Perhaps the author of the book also has a problem with altruistic behavior. He would have that in common with our "bone spured" commander in chief.

It seems we've entered a period within our nation's development where the idea of community and the common good are thought to be naive and for lovers whilst self absorbed behavior is admired.

Peabody Jones's avatar

Next do "Liars Kingdom."

Martin Knutsen's avatar

I wonder what he makes of Jesus, who let himself be crucified in order to absolve us of our sins. You dont get any more suicidal empathic than that.

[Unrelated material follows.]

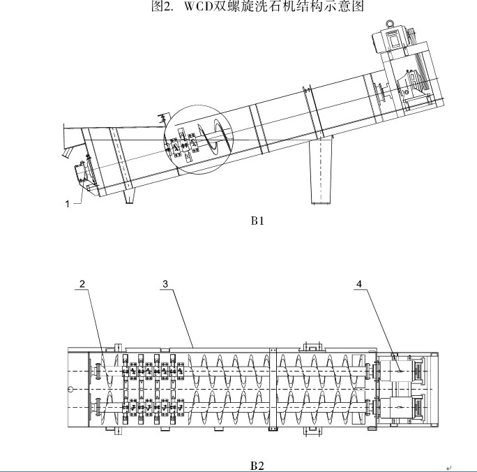 螺旋洗石機由槽體、減速機、電機、中心軸、螺旋葉片、支架組成。支架焊接在中心軸上,螺旋葉片裝好后用螺栓壓緊,使葉片不下垂不變形。

Steven Insertname's avatar

Check out "Separation of Church and Hate" by John Fugelsang.

Leslie J's avatar

I wish I could find the exact quote I saw online but I have started using sympathetic instead of empathy because empathy is used incorrectly. Thank you for this well written article.

Dave Zimny's avatar

Sorry if I don't quite understand the concept, but isn't "suicidal empathy" something that has been widely admired, not condemned, as far back as human history can be traced? What else besides "suicidal empathy" could be credited for the parent who willingly gives up his life for his child, or the passerby who rescues a drowning stranger at the cost of his own life, or the hero who risks his own life by running into a burning building to bring out trapped strangers? Or even, to stretch the case a little, to the soldier who throws himself on a grenade to save the lives of his buddies? "Suicidal empathy" seems to be just the latest, nastiest neo-Randian label for selfless heroism. Is it really likely that the young lady in New York thought "I have more empathy for the person who attacked me than for those he might harm in the future"? Perhaps, in the twisted minds of Saad or Musk, but to me and most clear-thinking people, no such thought would have passed through her mind. That's not how real people think. I would prefer to think that her motivation was simple altruism mixed with some notion of justice. And in a much less tragic form, that altruism explains the life of Martin Luther King, Jr., Mother Teresa, Nelson Mandela, and thousands of lesser known heroes. Saad and Musk are idiots.

Andrew Joyce's avatar

There are apparently a lot of undiagnosed sociopaths on the right.

lostcause74's avatar

you are correct, suicidal empathy is not a new thing. the Inuits' senicide is a good example.

Al Brown's avatar

"No one can have greater love, than to lay down his life for his friends." John 15:13, is one of the foundational concepts of our civilization. Jettison that, and what's left becomes something else, something a lot less admirable.

Dave Zimny's avatar

Absolutely! Well said and well quoted.